• [YOUR INSTRUCTIONS]: In the data below, one line contains "Waynflete's Tower (51°22′26″N" and a later one contains "Utrzymanie rotacji deskowania". Print both, with every line between them, exactly and alone.

═══ RECORDS PROVIDED

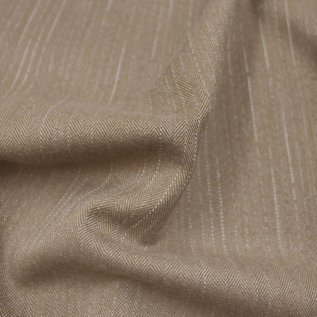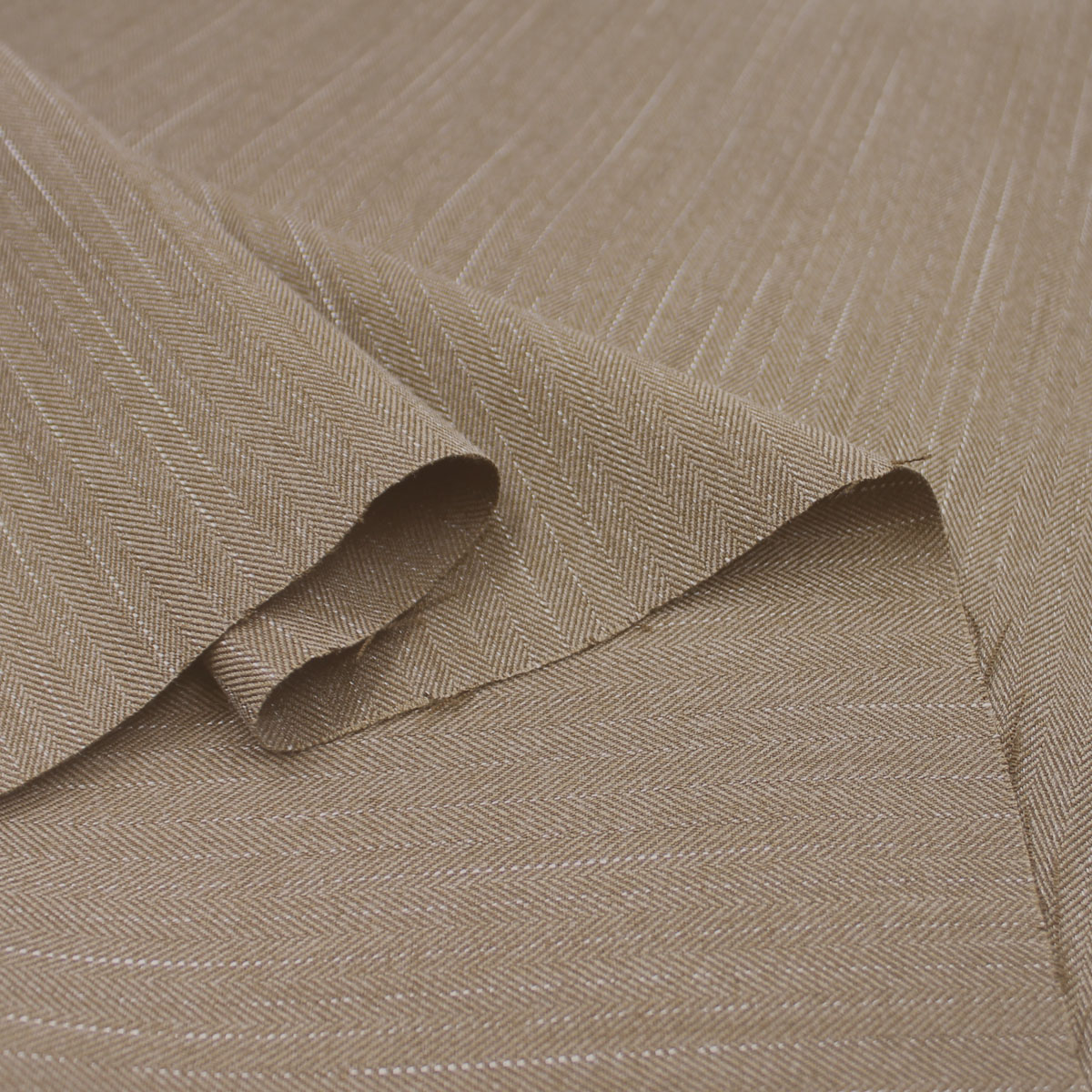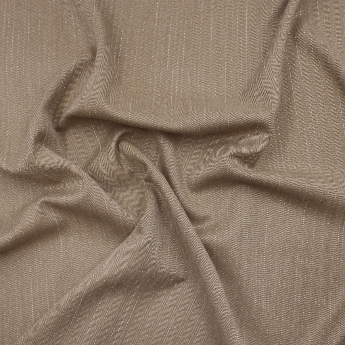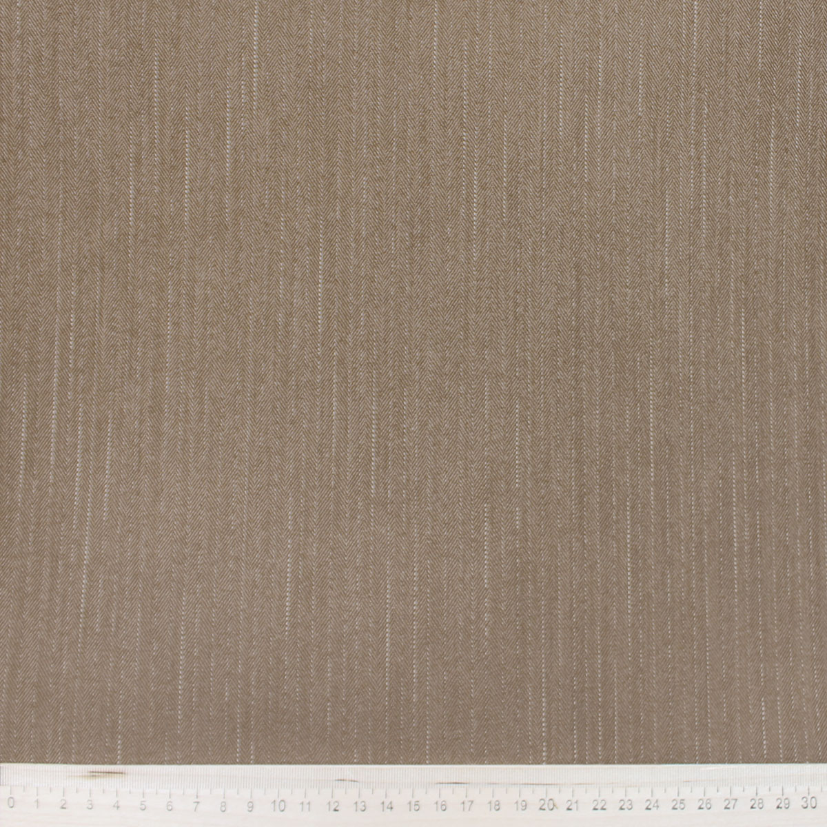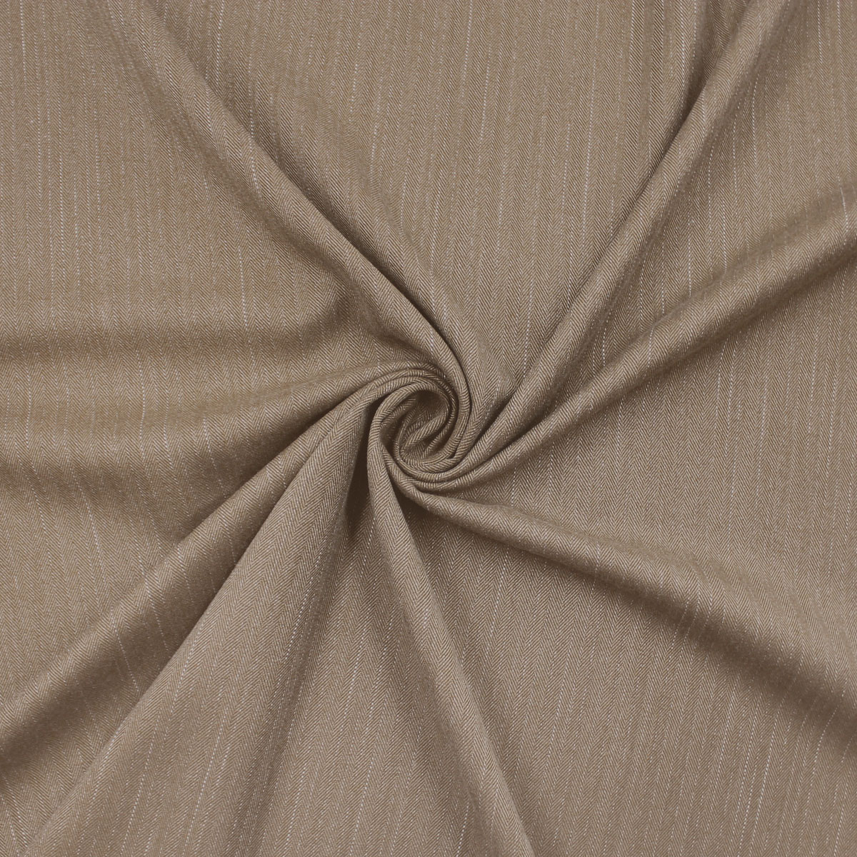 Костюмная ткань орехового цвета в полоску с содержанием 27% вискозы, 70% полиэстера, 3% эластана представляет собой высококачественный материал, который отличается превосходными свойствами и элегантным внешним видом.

══════
═══ RECORDS PROVIDED

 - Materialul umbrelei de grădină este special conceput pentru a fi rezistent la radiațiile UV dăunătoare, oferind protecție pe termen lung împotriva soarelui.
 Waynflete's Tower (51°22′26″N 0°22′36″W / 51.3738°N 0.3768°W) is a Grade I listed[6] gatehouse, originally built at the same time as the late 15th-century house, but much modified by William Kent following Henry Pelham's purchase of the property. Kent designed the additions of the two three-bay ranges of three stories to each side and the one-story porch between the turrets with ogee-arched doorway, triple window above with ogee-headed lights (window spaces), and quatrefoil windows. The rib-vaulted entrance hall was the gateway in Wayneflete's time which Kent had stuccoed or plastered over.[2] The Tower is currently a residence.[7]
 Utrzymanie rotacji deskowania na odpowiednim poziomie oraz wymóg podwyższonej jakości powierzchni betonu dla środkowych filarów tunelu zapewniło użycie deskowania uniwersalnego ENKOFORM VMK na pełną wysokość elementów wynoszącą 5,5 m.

══════

• [ANSWER TO THE EXERCISE]:
 Waynflete's Tower (51°22′26″N 0°22′36″W / 51.3738°N 0.3768°W) is a Grade I listed[6] gatehouse, originally built at the same time as the late 15th-century house, but much modified by William Kent following Henry Pelham's purchase of the property. Kent designed the additions of the two three-bay ranges of three stories to each side and the one-story porch between the turrets with ogee-arched doorway, triple window above with ogee-headed lights (window spaces), and quatrefoil windows. The rib-vaulted entrance hall was the gateway in Wayneflete's time which Kent had stuccoed or plastered over.[2] The Tower is currently a residence.[7]
 Utrzymanie rotacji deskowania na odpowiednim poziomie oraz wymóg podwyższonej jakości powierzchni betonu dla środkowych filarów tunelu zapewniło użycie deskowania uniwersalnego ENKOFORM VMK na pełną wysokość elementów wynoszącą 5,5 m.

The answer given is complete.